Sale of the gas provides extra revenue for the station, which cost 1.5 billion Canadian dollars (one billion euros) to build. About a sixth came from government subsidies.
“Cost is one of the main barriers to CCS,” said Samuela Bassi, a policy analyst at the London School of Economics and Political Science. “Building these plants is expensive.”
Adding carbon capture technology to coal-fired power plants pushes up their cost by 40-80 per cent, and by up to 50 per cent for natural gas-burning stations.
One reason carbon capture is so expensive is the technology is relatively new as a climate change solution — about a decade old — and some of the projects are one-of-a-kind.

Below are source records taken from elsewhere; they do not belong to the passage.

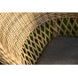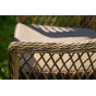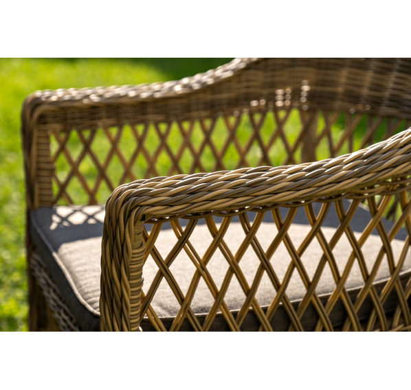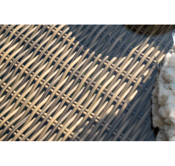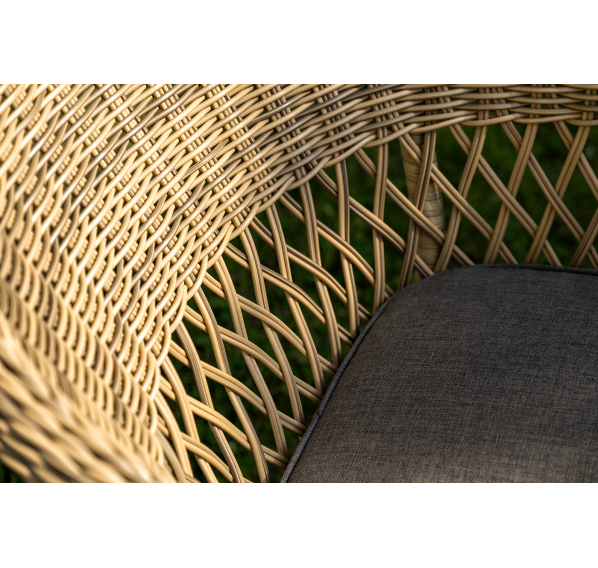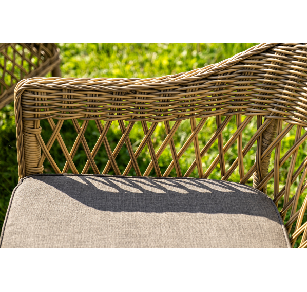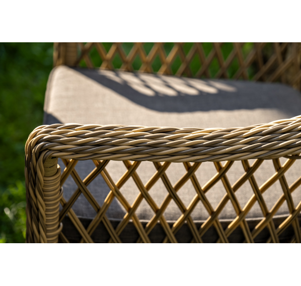 Из алюминия выполнен устойчивый каркас мебели, который задекорирован искусственным ротангом круглого ручного плетения. Комплект представлен в соломенном цвете.
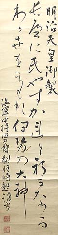 紙本肉筆・・縦136cm、横33cm 「海軍中将男爵梨羽時起謹書」の下に、 陰刻「海軍中将」と陽刻「梨羽時起」の 落款が押されている。梨羽時起は長州 の人で、長州藩武術指南役有地藤馬の 四男で梨羽の養子となり、戊辰戦争に 従軍した後、鉄道・内務関係で測量に 従事し、その後海軍に入り、海防艦分 隊長・巡洋艦副長・砲艦艦長・巡洋艦艦 長・呉海兵団長・常備艦隊司令官・第1 戦隊司令官・馬公要港部司令官等を歴 任した、海軍中将の軍人である。 |
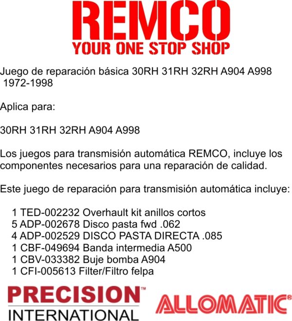 Los juegos para transmision automatica REMCO, incluye los componentes necesarios para una reparacion de calidad.
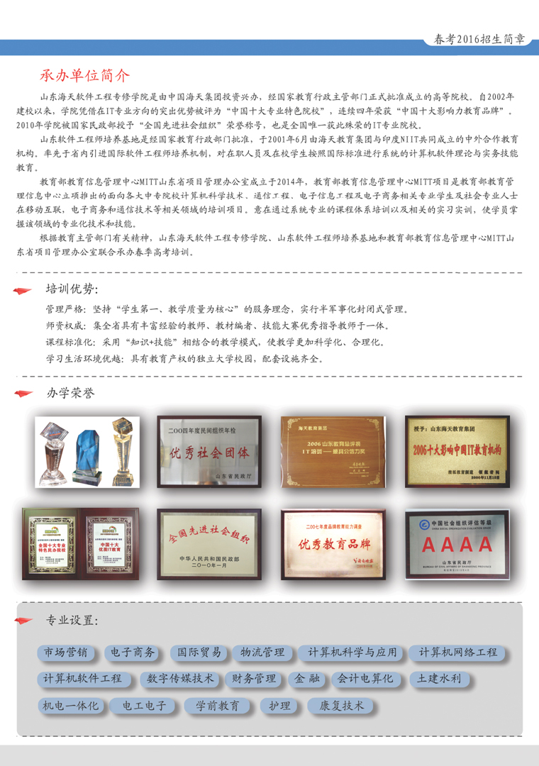 山東海天軟件工程專修學(xué)院—山東軟件工程師培養(yǎng)基地 一年學(xué)習(xí),學(xué)期短! 一年交費(fèi),費(fèi)用低! 實(shí)訓(xùn)實(shí)習(xí),免學(xué)費(fèi)! 司法公正,保四千! 山東海天軟件專修學(xué)院是一所“以IT技能為主,以高薪就業(yè)目標(biāo)的非學(xué)歷技能型”高校;山東軟件工程師培養(yǎng)基地是山東省規(guī)模大、歷史長(zhǎng)的軟件人才培養(yǎng)機(jī)構(gòu)之一。我們致力于為國(guó)家培養(yǎng)具有全球視野,掌握國(guó)際先進(jìn)IT技能的社會(huì)急需高端技術(shù)人才,并在全國(guó)首創(chuàng)“1+1+1”教育模式,采用海天獨(dú)創(chuàng)“一年學(xué)習(xí),三年培養(yǎng)”的教學(xué)體系,配合高薪就業(yè)保障體系,簽署具有司法公正的高薪就業(yè)服務(wù)協(xié)議書,真正實(shí)現(xiàn)了“技能在手,高薪就業(yè)”。 海天教育培訓(xùn)學(xué)校是由..
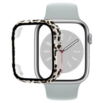 Tempered Glass Film PC Watch Case For Apple Watch Series 9 / 8 / 7 41mm(Leopard Print)
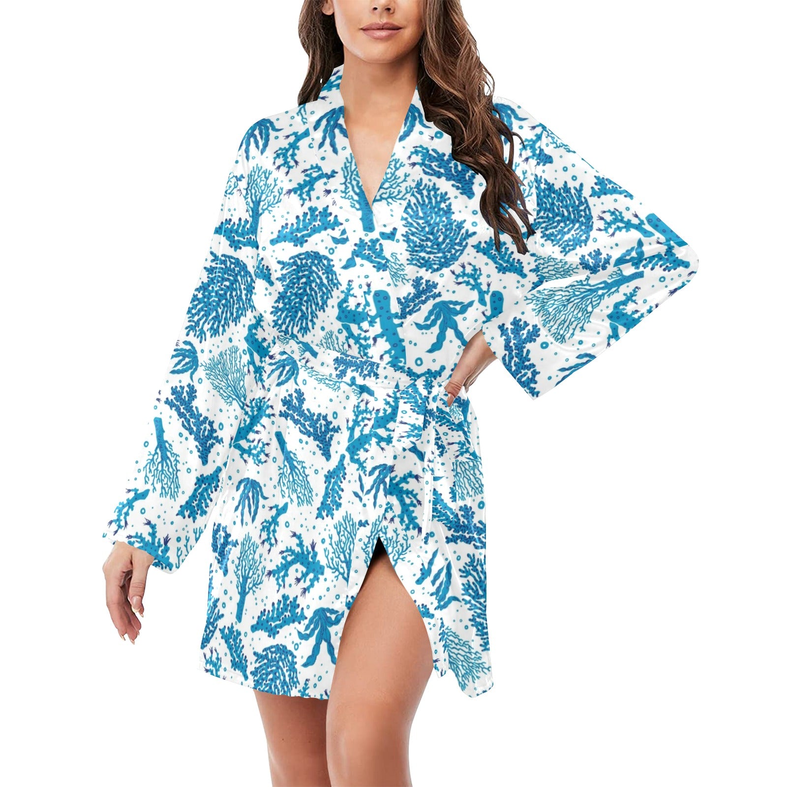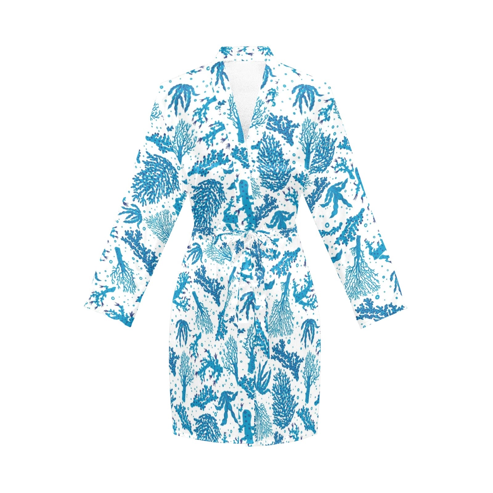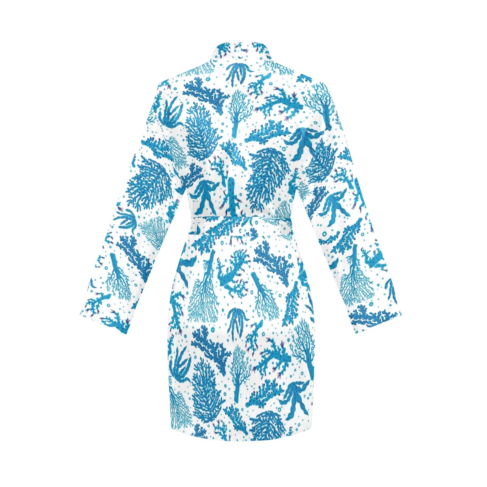 Coral Reef Pattern Print Design 01 Women's Long Sleeve Belted Night Robe
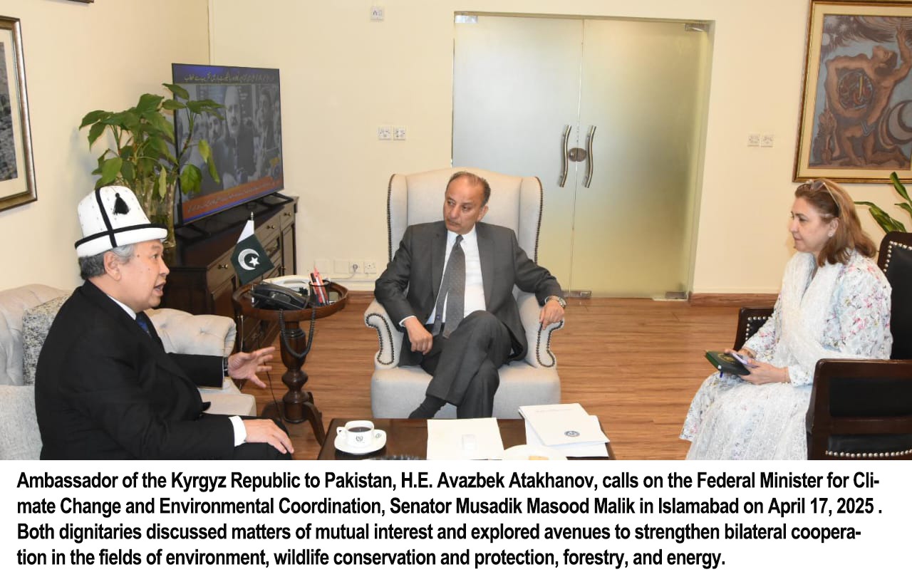 اسلام آباد(نیوز رپورٹر) پاکستان اور کرغزستان کے درمیان ماحولیاتی، جنگلی حیات، جنگلات اور توانائی کے شعبوں میں دوطرفہ تعاون بڑھانے پر اتفاق ، پاکستان-کرغزستان کے درمیان مشترکہ ماحولیاتی چیلنجز سے نمٹنے اور پائیدار ترقی کے اہداف کے حصول کے لیے تعاون کا عزم، کرغزستان کے سفیر نے پاکستان-کرغزستان بین الحکومتی کمیشن اجلاس میں شرکت کے لیے وزیر موسمیاتی تبدیلی مصدق ملک کو باضابطہ دعوت دی ، پاکستان کرغزستان کے ساتھ موسمیاتی موافقت، حیاتیاتی تنوع، جنگلی حیات کے تحفظ اور صاف توانائی میں تعاون بڑھانے کا عہد .

A developing technology without a proven, viable business model is also seen as risky by investors, driving up the cost of borrowing money, analysts said.
Further handicapping CCS, a lot of government subsidies — and regulatory support — are going to competing technologies such as wind and solar.

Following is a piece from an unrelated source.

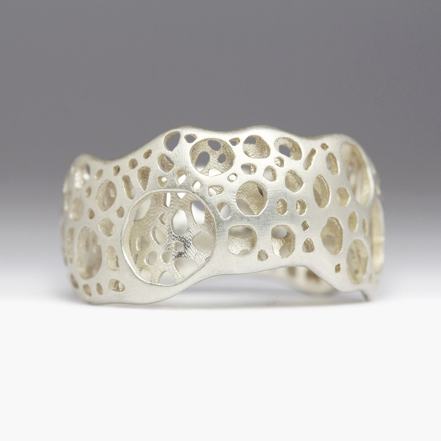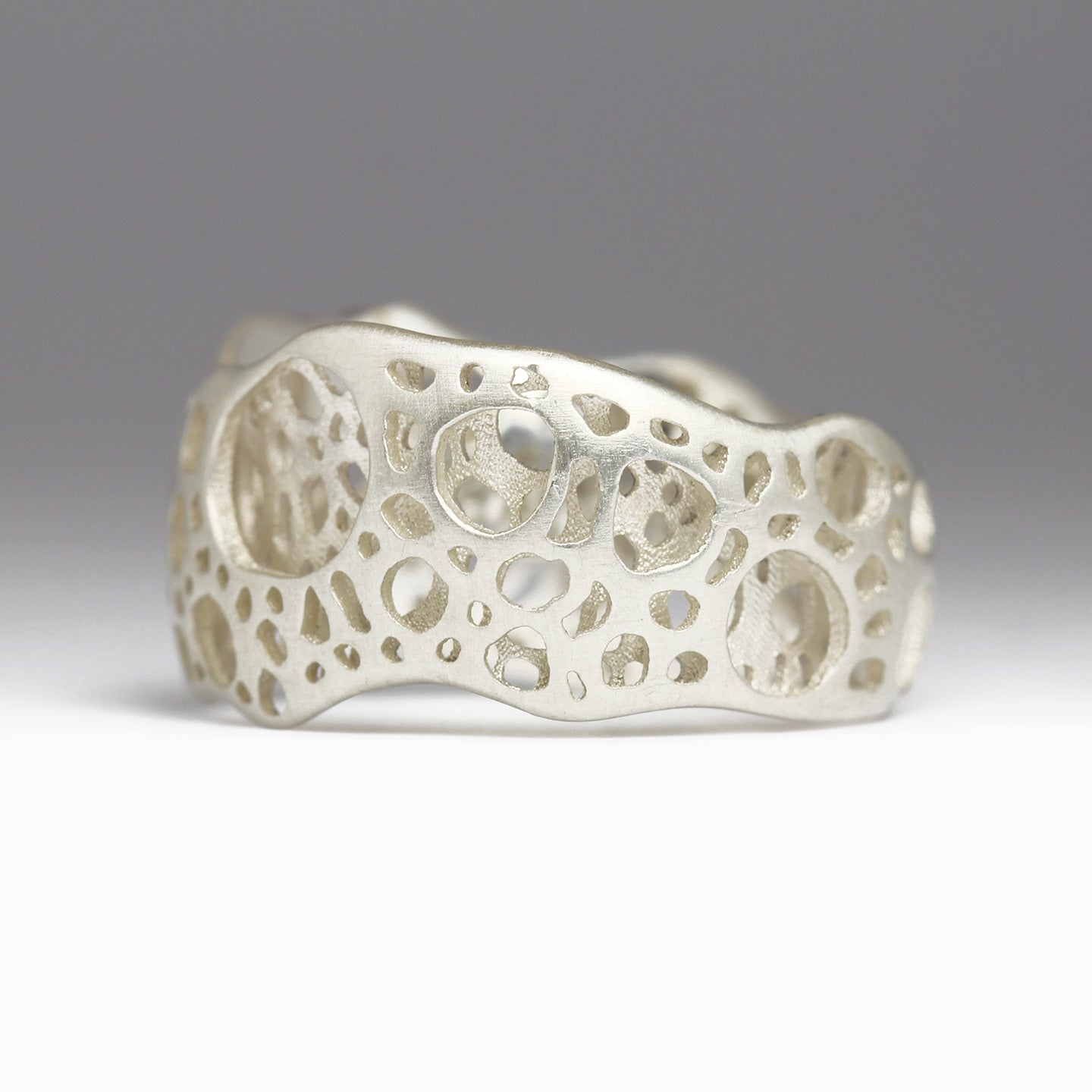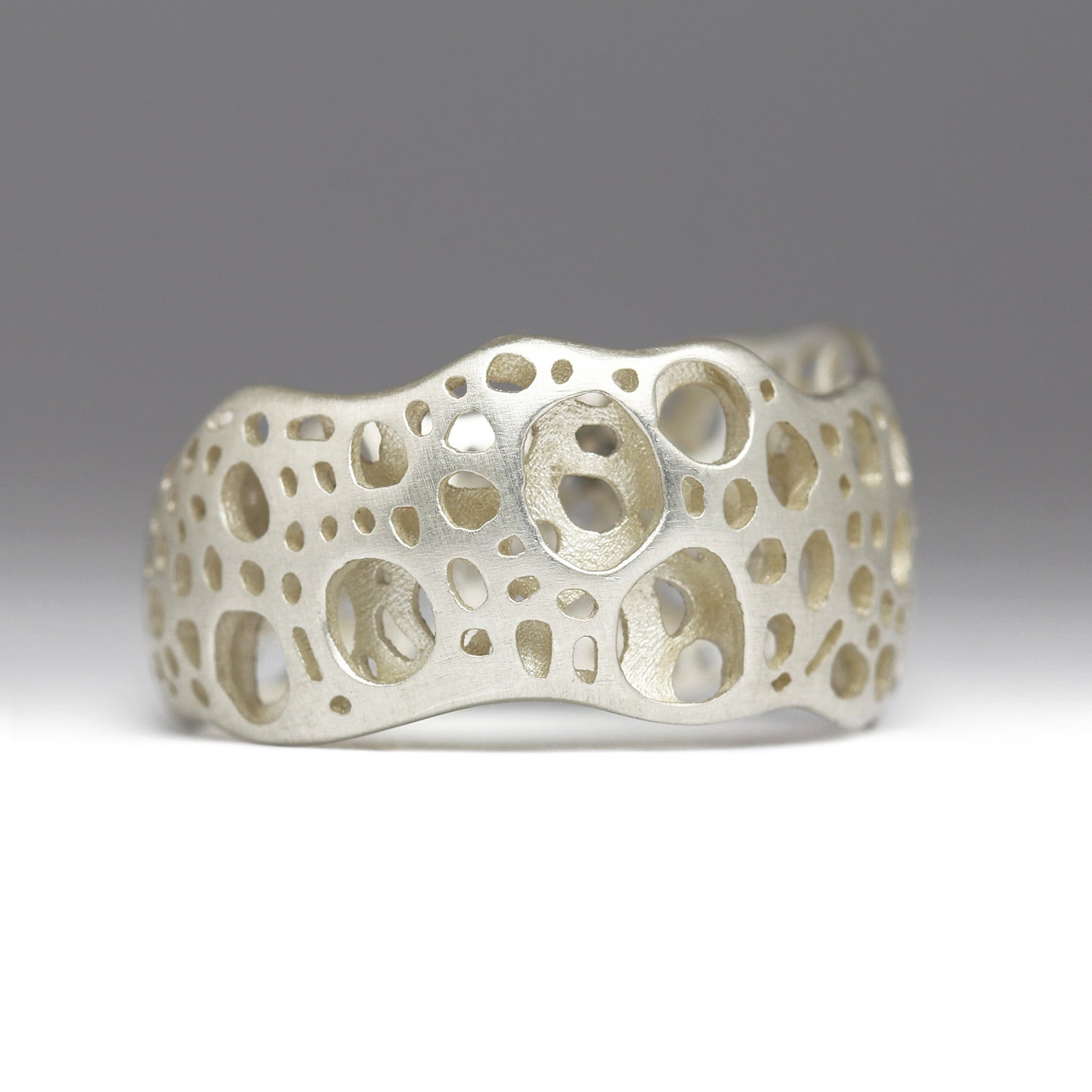 Made by Justin, this prototype ring is part of a new and evolving collection around sea foam and is suitable for occasional wear. He begins with his own photographs and drawings, which are cut out using our laser engraver and formed into a ring.

“For CCS you don’t yet have this type of system in place, except in the UK,” said Bassi. “But in the rest of the world you don’t have that kind of economic support.”
Analysts say the cost of CCS-equipped power plants will come down significantly as more projects get built and the technology is refined.
However, just two carbon capture-equipped, industrial-scale power plants — both in the United States — are due to come online next year, and there are a dearth of big projects on the drawing board.
There are 22 large-scale CCS projects that are either in operation or are slated to be up and running by 2017.
Another 23 big projects currently in various stages of development are ‘maybes’, according to a spokesman for the Global Carbon Capture and Storage Institute, an industry group.
That total number of industrial-scale projects — 45 — is an 18 per cent decrease over the 55 listed in the institute’s 2014 report.
EU targets have called for the equivalent of 11 large-scale, CCS-equipped power plants by 2030, which would cost up to 35 billion euros ($40 billion), according to the Grantham Research Institute on Climate Change and the Environment.
So far 1.3 billion euros in public funds have been, or are being, spent on developing these projects.